If C(x) = 13000 + 600x − 1.8x^2 + 0.004x^3 is the cost function and
p(x) = 4200 − 6x is the demand function, find the level of output that maximizes utility. (Hint: If utility is maximized, then marginal revenue equals marginal cost.)
define "utility", not familiar with this kind of math
To find the level of output that maximizes utility, we need to find the output level where the marginal revenue equals the marginal cost. The marginal revenue is the derivative of the demand function p(x), and the marginal cost is the derivative of the cost function C(x).
Step 1: Find the equation for marginal revenue (MR).
MR = p'(x)
Given: p(x) = 4200 - 6x
Take the derivative with respect to x:
p'(x) = -6
So, the equation for marginal revenue is MR = -6.
Step 2: Find the equation for marginal cost (MC).
MC = C'(x)
Given: C(x) = 13000 + 600x - 1.8x^2 + 0.004x^3
Take the derivative with respect to x:
C'(x) = 600 - 3.6x + 0.012x^2
So, the equation for marginal cost is MC = 600 - 3.6x + 0.012x^2.
Step 3: Set MR equal to MC and solve for x.

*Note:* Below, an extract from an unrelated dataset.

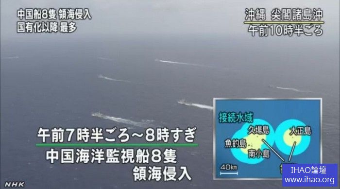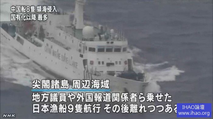 日本80多名右翼人士22日晚間乘船於23日上午進入釣魚台,8艘中國大陸海監船駛進鄰近爭議釣魚台列嶼附近12海里海域,這是日本宣布釣魚台「國有化」後,中共船隻進入鄰近海域單日最多紀錄。

-6 = 600 - 3.6x + 0.012x^2
This equation is a quadratic equation. Rearrange the equation to make it equal to zero:
0.012x^2 - 3.6x + 606 = 0
Now, solve this quadratic equation using the quadratic formula: x = (-b ± √(b^2 - 4ac)) / 2a
a = 0.012, b = -3.6, c = 606
x = (3.6 ± √((-3.6)^2 - 4 * 0.012 * 606)) / (2 * 0.012)
Simplifying the expression inside the square root:
x = (3.6 ± √(12.96 - 2904.48)) / 0.024
x = (3.6 ± √(-2891.52)) / 0.024
Since the square root of a negative number is not real, it means there is no real solution for x. This means there is no level of output that maximizes utility according to the given functions.